> **TASK REQUIREMENTS**
Skip the pictures, please, and write out exactly every line from the one containing "再加一个一元链接,按需求填写" through the end of the listing below.
INPUT DATA section start
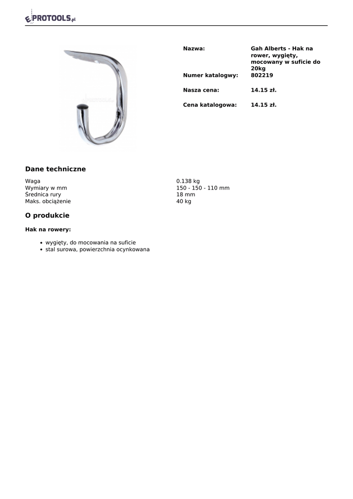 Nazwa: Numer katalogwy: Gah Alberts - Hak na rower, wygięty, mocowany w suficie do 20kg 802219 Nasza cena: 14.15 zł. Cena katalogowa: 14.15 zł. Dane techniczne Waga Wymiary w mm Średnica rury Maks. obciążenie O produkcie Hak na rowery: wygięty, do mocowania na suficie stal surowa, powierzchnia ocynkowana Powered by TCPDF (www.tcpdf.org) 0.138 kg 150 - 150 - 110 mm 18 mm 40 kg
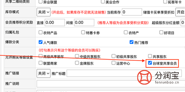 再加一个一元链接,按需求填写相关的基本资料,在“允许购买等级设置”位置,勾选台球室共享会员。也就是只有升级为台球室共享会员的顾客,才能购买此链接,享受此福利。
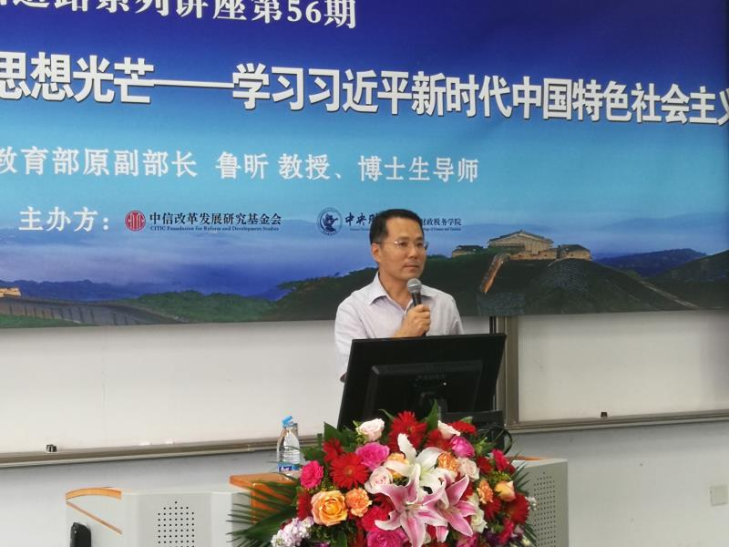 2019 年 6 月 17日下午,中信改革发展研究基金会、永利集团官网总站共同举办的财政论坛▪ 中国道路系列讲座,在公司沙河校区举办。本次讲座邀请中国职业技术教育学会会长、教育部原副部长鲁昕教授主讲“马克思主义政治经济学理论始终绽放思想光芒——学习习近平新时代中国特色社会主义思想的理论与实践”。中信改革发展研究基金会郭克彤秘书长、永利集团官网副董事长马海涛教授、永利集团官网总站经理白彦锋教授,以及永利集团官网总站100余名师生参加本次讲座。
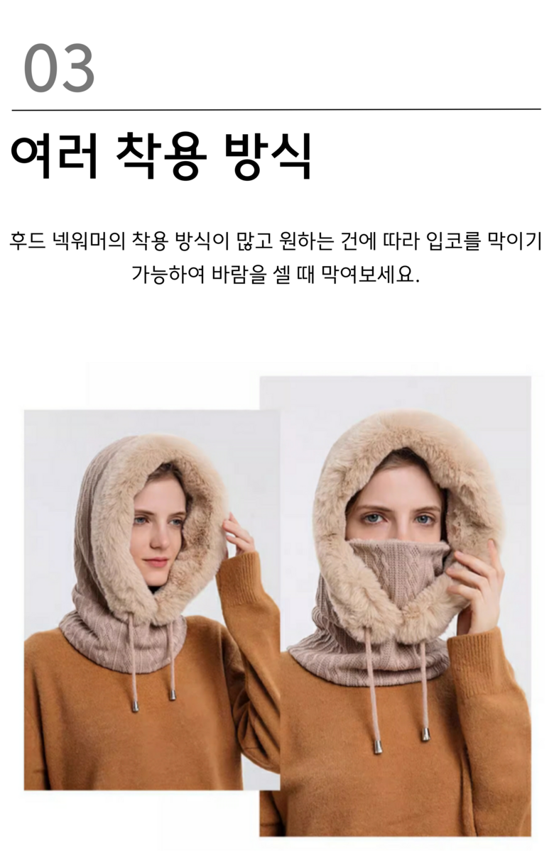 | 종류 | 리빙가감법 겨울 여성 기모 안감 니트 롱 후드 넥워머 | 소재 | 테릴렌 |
INPUT DATA section end
> **TASK OUTPUT**
 再加一个一元链接,按需求填写相关的基本资料,在“允许购买等级设置”位置,勾选台球室共享会员。也就是只有升级为台球室共享会员的顾客,才能购买此链接,享受此福利。
 2019 年 6 月 17日下午,中信改革发展研究基金会、永利集团官网总站共同举办的财政论坛▪ 中国道路系列讲座,在公司沙河校区举办。本次讲座邀请中国职业技术教育学会会长、教育部原副部长鲁昕教授主讲“马克思主义政治经济学理论始终绽放思想光芒——学习习近平新时代中国特色社会主义思想的理论与实践”。中信改革发展研究基金会郭克彤秘书长、永利集团官网副董事长马海涛教授、永利集团官网总站经理白彦锋教授,以及永利集团官网总站100余名师生参加本次讲座。
 | 종류 | 리빙가감법 겨울 여성 기모 안감 니트 롱 후드 넥워머 | 소재 | 테릴렌 |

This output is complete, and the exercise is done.